Because the OnlineLogisticRegression class expects to get integer class IDs for the target variable during training, you’ll also need a dictionary to convert the target variable (the newsgroup) to an integer, which is the newsGroups object.

Configuring the Learning Algorithm

You can configure the logistic regression learning algorithm as follows:

OnlineLogisticRegression learningAlgorithm =
    new OnlineLogisticRegression(
          20, FEATURES, new L1())
        .alpha(1).stepOffset(1000)
        .decayExponent(0.9)
        .lambda(3.0e-5)
        .learningRate(20);

The learning algorithm constructor accepts arguments specifying the number of categories in the target variable, the size of the feature vectors, and a regularizer. In addition, there are a number of configuration methods in the learning algorithm. The alpha, decayExponent, and stepOffset methods specify the rate and way that the learning rate decreases. The lambda method specifies the amount of regularization, and the learningRate method specifies the initial learning rate.

In a production model, the learning algorithm would need to be run hundreds or thousands of times to find good values. Here, we used a few quick trials to find reasonable values for these values.

Accessing Data Files

Next, you need a list of all of the training data files, as follows:

List<File> files = new ArrayList<File>();
for (File newsgroup : base.listFiles()) {
  newsGroups.intern(newsgroup.getName());
  files.addAll(Arrays.asList(newsgroup.listFiles()));
}

Collections.shuffle(files);
System.out.printf("%d training files
", files.size());

This code puts all of the newsgroups’ names into the dictionary. Predefining the contents of the dictionary like this ensures that the entries in the dictionary are in a stable and recognizable order. This helps when comparing results from one training run to another.

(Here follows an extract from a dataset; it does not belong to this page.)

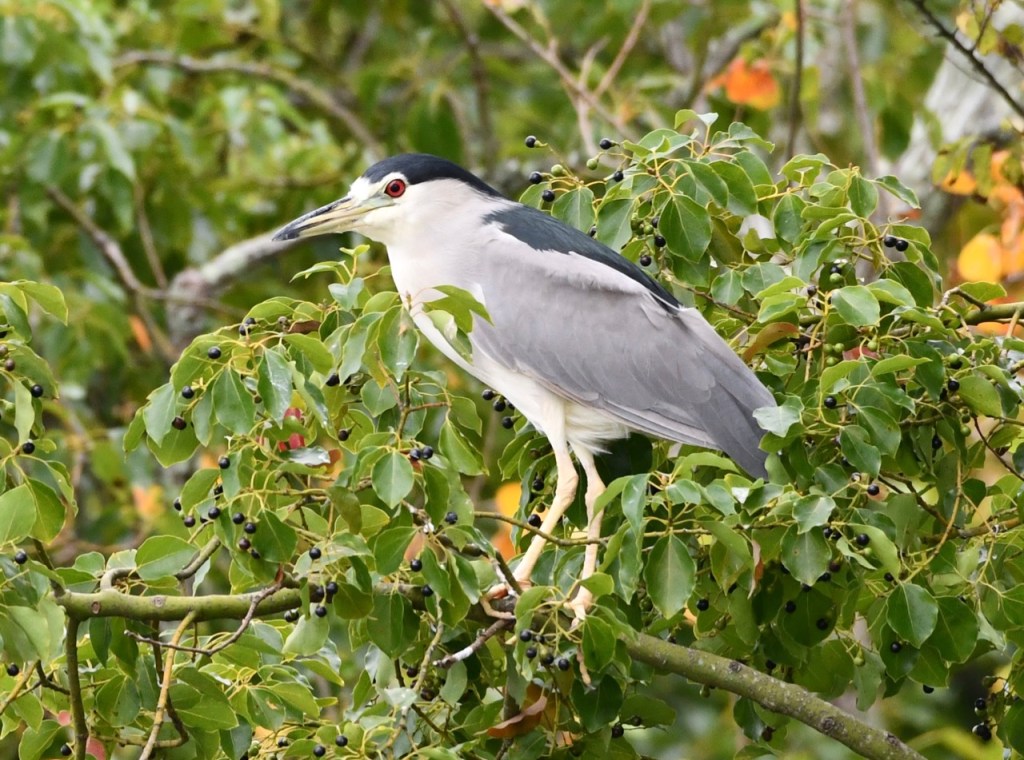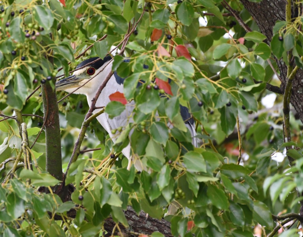 This is the most Black-crowned Night Herons I have ever seen in one location. I saw at least 4 herons in the tree. I believe they belong to the nest in the top of the tree in back. It has been a couple of years since I spotted a Black-crowned Night Heron, so this was an exciting find.

Preparing to Tokenize the Data

Most of the data in these files is textual, so you can use Lucene to tokenize it. Using Lucene is better than simply splitting on whitespace and punctuation because you can use Lucene’s StandardAnalyzer class, which treats special tokens like email addresses correctly.

You’ll also need several variables to accumulate averages for progress output such as average log likelihood, percent correct, document line count, and the number of documents processed:

double averageLL = 0.0;
double averageCorrect = 0.0;
double averageLineCount = 0.0;
int k = 0;
double step = 0.0;
int[] bumps = new int[]{1, 2, 5};
double lineCount;

These variables will allow you to measure the progress and performance of the learning algorithm.

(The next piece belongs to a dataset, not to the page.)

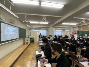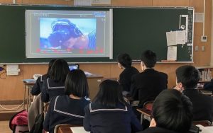 12月7日(月)に、東京大学大学院情報理工学系研究科の鳴海拓志先生を講師に、「バーチャルリアリティでデザインする未来の自分と社会」のテーマでSSH講演会を開催しました。初めてのオンライン開催となり、生徒は各教室で視聴しました。自分のスマートフォンで講師の先生とリアルタイムでつながり、コメント等のリアクションを先生に送るなどして、アクティブに講演に参加しました。バーチャルリアリティ分野の最先端の研究内容や将来性などについて、様々な実例を見ながら学ぶことができました。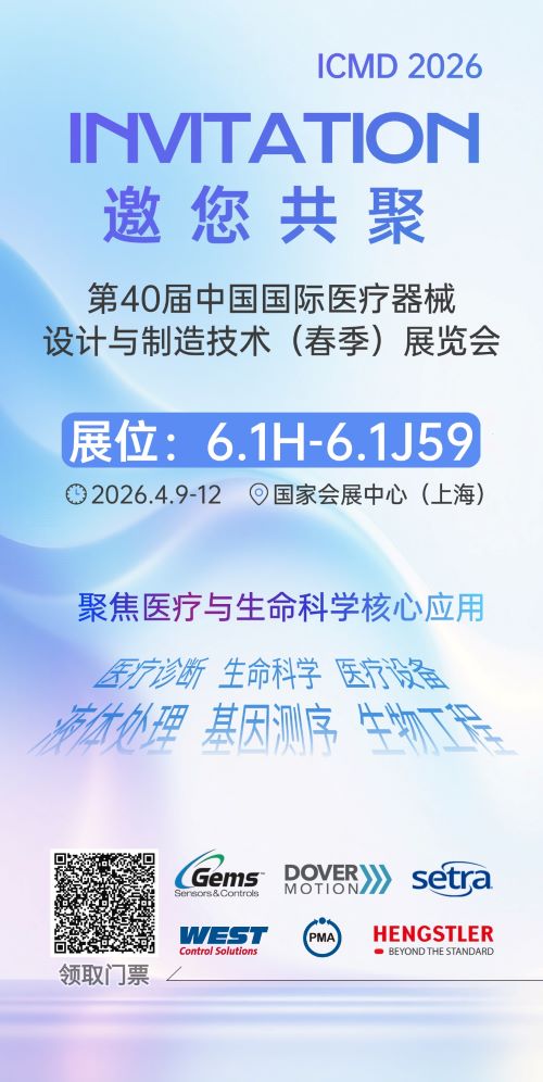 聚焦医疗器械设计、制造及核心部件的专业盛会——第40届ICMD中国国际医疗器械设计与制造技术展览会将于2026年4月9–12日在国家会展中心(上海)举行。

Reading and Tokenizing the Data

You’re ready to process the data. You’ll make only one pass through it because the online logistic regression algorithm learns quickly. Making only a single pass also facilitates progress evaluation, because each document can be tested against the current state classifier before it’s used as training data.

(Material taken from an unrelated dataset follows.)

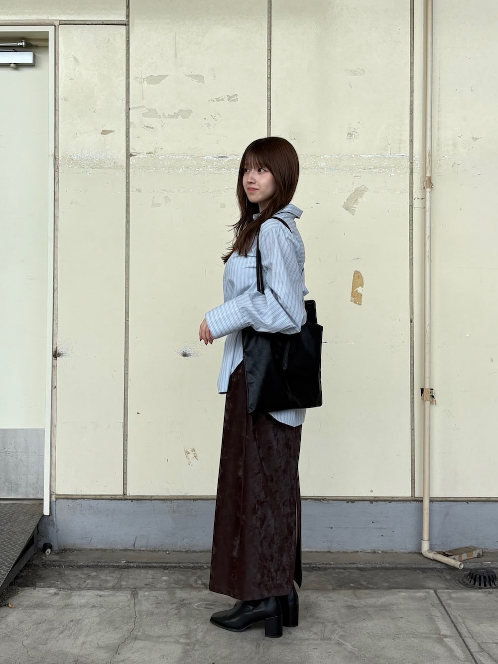シャツは大きめのシルエットなのでベルトでウエストをしぼり、ボタンを上から2つ開けました!このコーデだったら骨ストさんでも着ぶくれ心配ナシです☆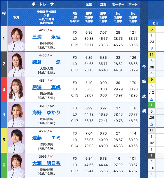 三浦は初日を5コースから3着に入線しており、行き足もそこそこで好枠なら逃げが期待できる。

To do the actual learning, documents are processed in a random order so that examples from different groups are mixed together. Presenting training data in a random order helps the OnlineLogisticRegression algorithm converge to a solution more quickly. You can do this as follows.

Listing 14.2. Parsing the data

The filename can be used to tell which newsgroup each document belongs to . There is a header line that gives the number of lines, which can be encoded as a feature . Then, in parsing header lines and the body of the document , you need to count the words that you find. You can use a multi-set from the Google Guava library to do this counting. At least one of the documents has a bogus line count, and in that case it is reasonable to set the line count to the overall average to be defensive.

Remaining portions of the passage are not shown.